Why Should I Pay Stamp Duty If the Property’s Uninhabitable?

You’ve just bought a house with no kitchen, no bathroom, no heating… and quite possibly no floor. It’s damp, dark, and full of things that probably scurry at night. It’s not a home — it’s a project. Yet somehow, HMRC says it counts as a residential property and wants you to pay stamp duty like it’s a charming little cottage ready to move into.
Honestly, how does that make sense?
It’s Not a Home, It’s a Headache
Let’s be clear. If a property doesn’t have the bare basics — working plumbing, electricity, a front door that locks — it’s not fit to live in. You couldn’t rent it out, couldn’t move in, couldn’t even get insurance on it half the time. And yet, for stamp duty purposes, it’s treated the same as a perfectly livable flat.
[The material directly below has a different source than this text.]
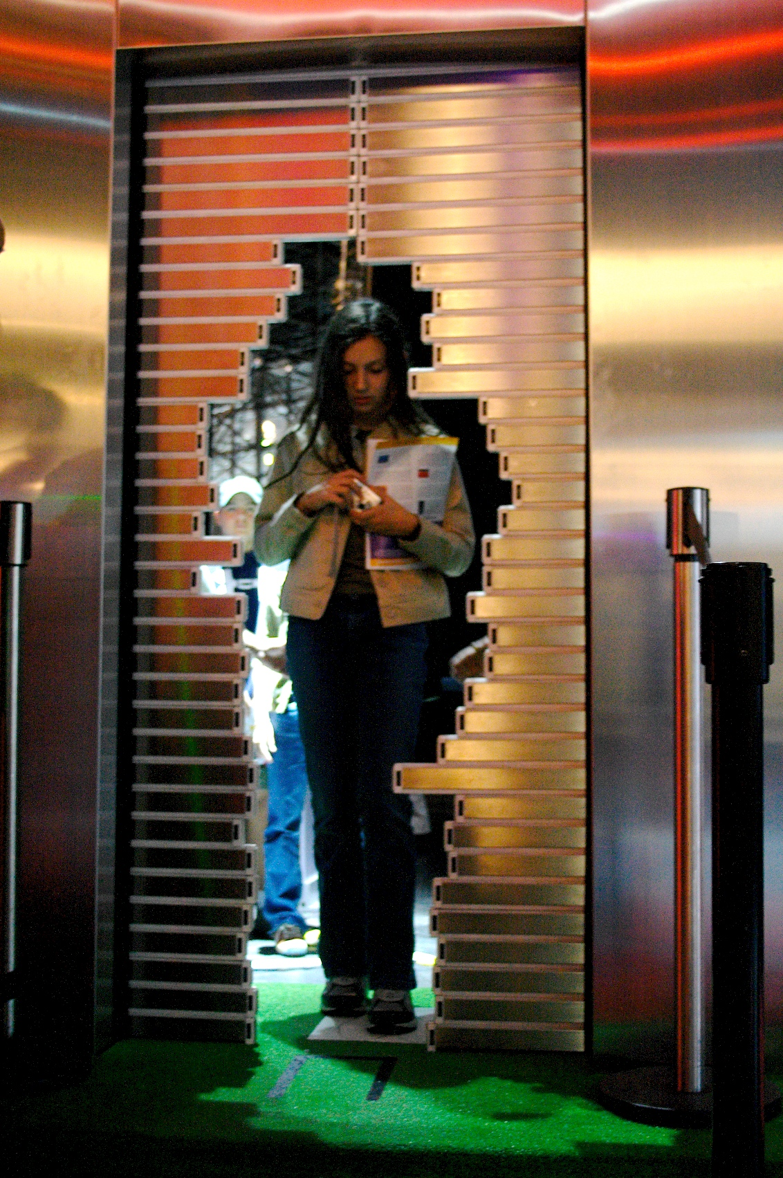 E-Taf Automatic Door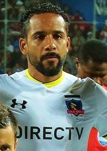 Jean Beausejour

The logic? HMRC says it only needs to be capable of being used as a dwelling. In other words, if someone could theoretically live there (with a bit of imagination and perhaps a gas mask), then you’re on the hook.
Paying a Premium for a Problem
It’s the brave — or possibly slightly mad — buyers who take on these wrecks. People who are actually doing a service: breathing life into properties that would otherwise sit empty and crumbling. But instead of being cut some slack, they’re penalised.
Because if it’s a second property, they get hit with the extra 3% surcharge — even though no one could live there, let alone rent it out. That’s how stamp duty on uninhabitable property turns into a weird little trap. You’re paying tax as if you’ve bought a finished product, when what you’ve actually bought is a money pit and a tetanus risk.
And the cherry on top? If you try to challenge it, you have to prove the place was truly uninhabitable. That means surveys, reports, photos, maybe even a trip to a tribunal. All before you’ve even had a chance to rip out the rotten floorboards.
Time for a Bit of Common Sense?
Surely it wouldn’t be that difficult to create a proper system. One where an independent surveyor could confirm a property’s uninhabitable status, and buyers could be taxed accordingly — without needing to fight tooth and nail for it.
Right now, you pay stamp duty based on what a house used to be or could be someday, not what it is on the day you buy it. And if what you’ve just bought is a glorified shed with a collapsed roof and a family of pigeons living in the chimney… well, maybe the tax bill should reflect that.
Because paying luxury tax on a building that doesn’t even have a toilet? That’s not just frustrating. That’s absurd.